* [TASK INPUT]:
* * *
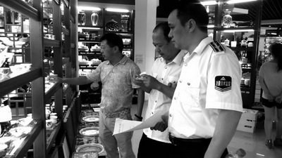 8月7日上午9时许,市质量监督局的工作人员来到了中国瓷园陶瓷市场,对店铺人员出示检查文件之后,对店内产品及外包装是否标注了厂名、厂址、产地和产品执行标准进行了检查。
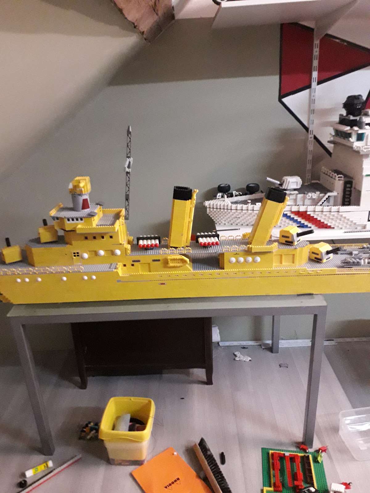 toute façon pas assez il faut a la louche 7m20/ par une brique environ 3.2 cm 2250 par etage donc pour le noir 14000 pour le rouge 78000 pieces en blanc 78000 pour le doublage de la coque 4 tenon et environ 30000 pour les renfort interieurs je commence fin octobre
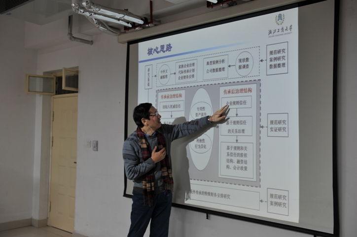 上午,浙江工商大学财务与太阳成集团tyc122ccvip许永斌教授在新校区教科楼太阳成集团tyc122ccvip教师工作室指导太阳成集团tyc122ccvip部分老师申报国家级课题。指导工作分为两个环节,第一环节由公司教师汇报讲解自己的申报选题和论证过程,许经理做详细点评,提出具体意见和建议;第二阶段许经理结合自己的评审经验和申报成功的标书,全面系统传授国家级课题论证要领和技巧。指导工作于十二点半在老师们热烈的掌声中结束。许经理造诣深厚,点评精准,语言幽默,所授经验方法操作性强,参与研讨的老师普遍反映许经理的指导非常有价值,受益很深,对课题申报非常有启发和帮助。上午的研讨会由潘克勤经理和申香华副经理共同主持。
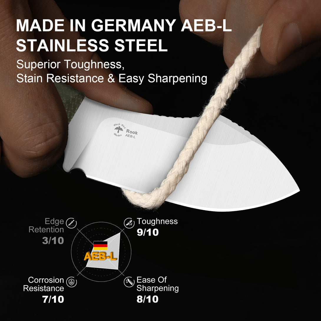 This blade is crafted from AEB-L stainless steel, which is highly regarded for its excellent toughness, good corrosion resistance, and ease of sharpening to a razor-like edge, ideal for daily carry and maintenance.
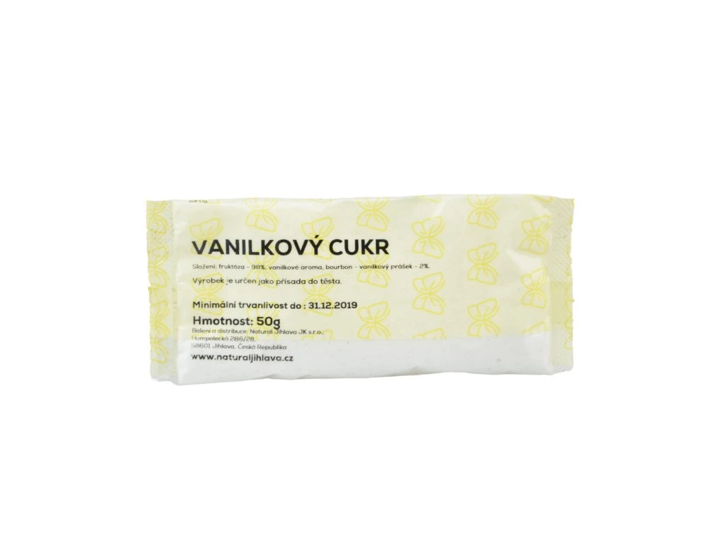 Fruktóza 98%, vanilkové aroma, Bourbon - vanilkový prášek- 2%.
* * *
* [TASK STATEMENT]: Transcribe, please, the lines from the one holding "This blade is" to the final line of the material, both included, exactly and with no extra lines, and skip the pictures.

* [ANSWER AREA]:
 This blade is crafted from AEB-L stainless steel, which is highly regarded for its excellent toughness, good corrosion resistance, and ease of sharpening to a razor-like edge, ideal for daily carry and maintenance.
 Fruktóza 98%, vanilkové aroma, Bourbon - vanilkový prášek- 2%.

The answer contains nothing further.